Here, the second equality uses the fact that \(s_{i}\) equals \(Y_k\) (for any k) with probability 1/|S|. The third equality uses \(|S| = |S^{+}| + |S^{-}| = \frac{|A_C|\times |S^{+}|}{|A_P \cap A_C|}\), \(|S^{+}| = \ell \), and the fact that since \(a \in A_P \cap A_C\), the terms are zero for \(k \in [|S^{+}|+1,|S|]\). The fourth equality uses the fact that each element of \(A_P \cap A_C\) is equally likely to be the k’th element of \(S^{+}\), therefore \(\mathrm{Pr}[Y_k = a \mid |S^{+}| = \ell ]\) is equal to \(\frac{1}{|A_P\cap A_C|}\). Additionally, \(\sum _{k=1}^{\ell } \mathrm{Pr}[|S^{+}| = \ell ]\) equals \(l \times \mathrm{Pr}[|S^{+}| = \ell ].\)

For the case where \(a \in A_C - A_P\), the analysis is analogous, with minor differences. Instead of k varying over \([1, |S^{+}|]\) in the third and the fourth equality, we now have k vary over \([|S^{+}|+1, |S|]\), and the term \(\frac{1}{|A_P \cap A_C|}\) is replaced by \(\frac{1}{|A_C-A_P|}\) inside the second summation in the fourth equality.    \(\square \)

In Lemma 2, we show that with uniform shuffling as the option in the function MixSequence, the original sequence \(S^{+} + S^{-}\) is transformed into a sequence composed of uniformly distributed instances from \(A_C\), but the instances are not independent.
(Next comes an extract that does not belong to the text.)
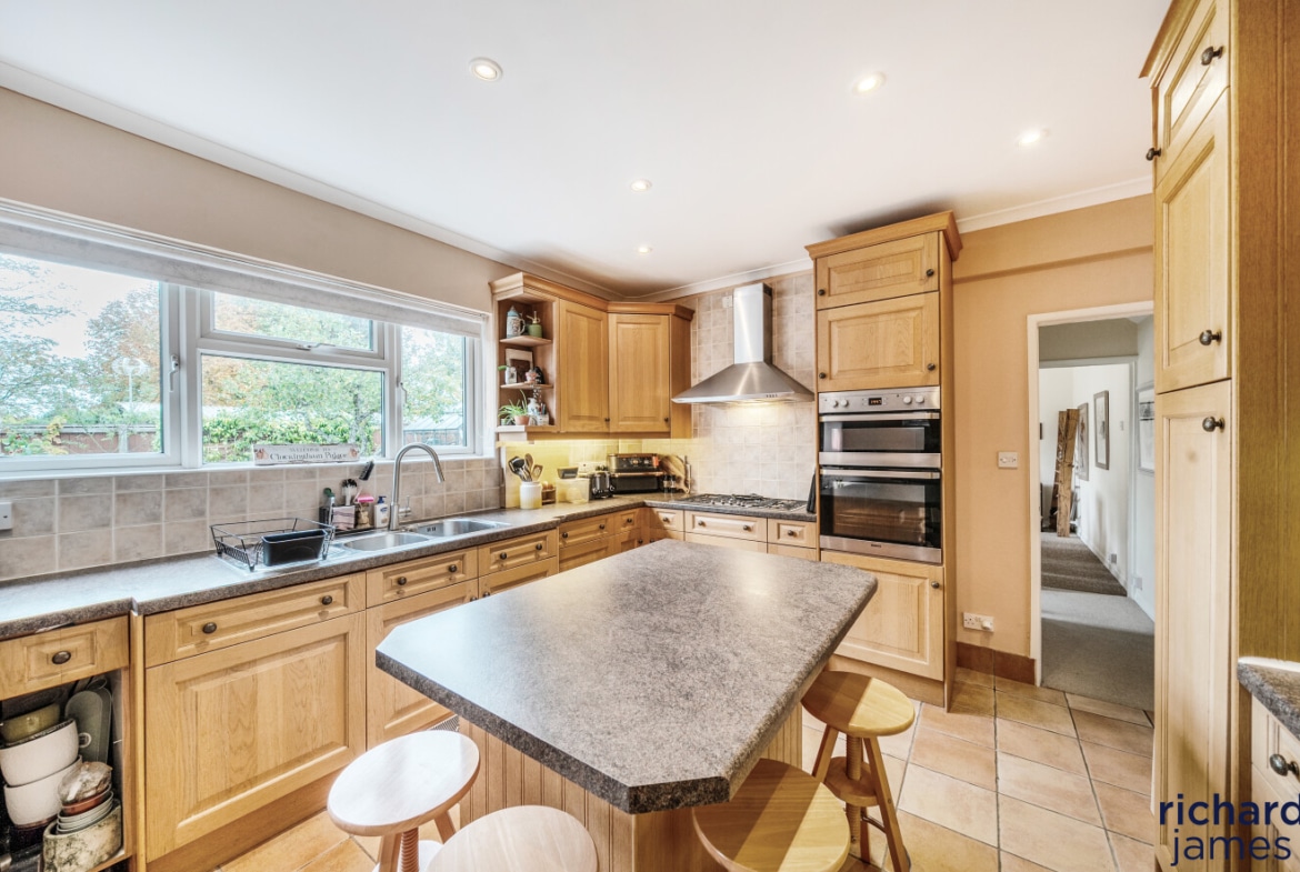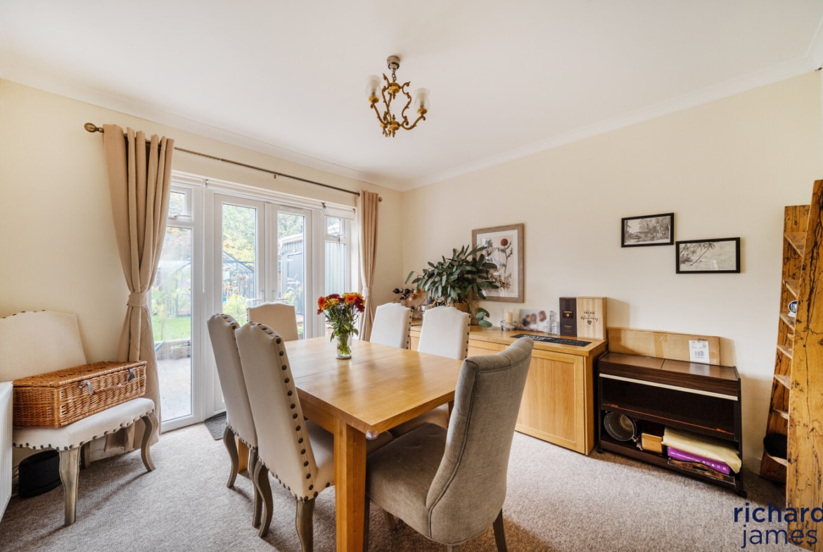This detached chalet-style home offers spacious and versatile accommodation in a peaceful and private setting. The ground floor provides flexible living space, featuring a welcoming dual-aspect living room that fills with natural light, a separate dining room perfect for family meals or entertaining, and a well-appointed kitchen/breakfast room offering plenty of space for informal dining. In addition, there is a third reception room which could easily serve as a study, playroom, or fifth bedroom—ideal for guests or multi-generational living.
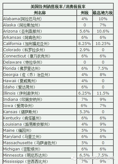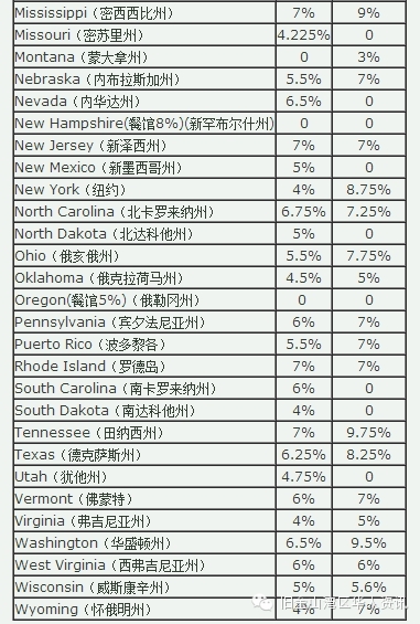 5. 各州消费税税率表

Both Lemmas 1 and 2 appear identical in that they generate a uniform random sample. However, the main distinction is in the independence of the resulting sequence: uniform sampling results in an independent sequence whereas uniform shuffle in Lemma 2 does not imply independence. Nevertheless, we explain below that Lemma 2 gives rise to a stratified sampling procedure. We empirically show that the mean, the std dev., and the \(95\%\) confidence interval of precision errors are comparable to that of the simple random sample (see Table 1 and Fig. 2(b) and 2(c)).

Lemma 2

Let \(S=_{df} \mathrm{MixSequence}(S^{+} + S^{-}, \mathrm{option}=\mathrm{UniformShuffle})\) in Algorithm 1. Then S is a sequence of identically and uniformly distributed instances from \(A_C\).

Proof

Let \(s_{i}\) denote the i’th random instance in S. Fix an element a of \(A_P \,\cap \, A_C\). (A similar argument will apply if \(a \in A_C - A_P\).) We will show that, for any \(1 \le i \le |S|\), \(\mathrm{Pr}[s_{i} = a] = 1/|A_C|\), and so the lemma would follow. By the law of total probability,

$$\begin{aligned} \mathrm{Pr}[s_{i} = a]= & {} \sum _{S^{+}, S^{-}} \mathrm{Pr}[s_{i} = a \mid S^{+}, S^{-}] \times \mathrm{Pr}[S^{+}, S^{-}] \nonumber \\= & {} \sum _{S^{+},S^{-}} \frac{\mathrm{count}(a, S^{+} + S^{-})}{|S|} \times \mathrm{Pr}[S^{+}, S^{-}] \nonumber \\= & {} \sum _{S^{+}, S^{-}} \frac{|A_P \cap A_C|}{|A_C|} \times \frac{\mathrm{count}(a, S^{+})}{|S^{+}|} \times \mathrm{Pr}[S^{+}, S^{-}] \nonumber \\= & {} \frac{|A_P\cap A_C|}{|A_C|} \sum _{S^{+}} \frac{\mathrm{count}(a, S^{+})}{|S^{+}|} \times \sum _{S^{-}} \mathrm{Pr}[S^{+}, S^{-}] \nonumber \\= & {} \frac{|A_P\cap A_C|}{|A_C|} \sum _{S^{+}} \frac{\mathrm{count}(a, S^{+})}{|S^{+}|} \times \mathrm{Pr}[S^{+}] \nonumber \\= & {} \frac{|A_P\cap A_C|}{|A_C|} E[X_a], \end{aligned}$$
(2)

where \(X_k\), for any \(k \in A_P \cap A_C\), is a random variable that equals the fraction of times k occurs in \(S^{+}\) when each element in S (and so \(S^{+}\)) is chosen uniformly at random. Here, the second equality follows since S is a uniformly random shuffle of \(S^{+} + S^{-}\). In the third equality, we use the fact that \(a \in A_P\cap A_C\) implies \(a \in S^{+}\), and so \(\mathrm{count}(a, S^{+} + S^{-}) = \mathrm{count}(a, S^{+})\). We also use \(|S| = \frac{|A_C| \times |S^{+}|}{|A_P \cap A_C|}\) there. Note that \(\sum _{k \in A_P \cap A_C} X_k = 1\) and, by symmetry, \(E[X_k] = E[X_{k'}]\) for any \(k, k' \in A_P \cap A_C\). Hence, by the linearity of expectation, \(E[X_a] = 1/|A_P \cap A_C|\). It follows from Eq. (2) that \(\mathrm{Pr}[s_{i} = a] = 1/|A_C|\).    \(\square \)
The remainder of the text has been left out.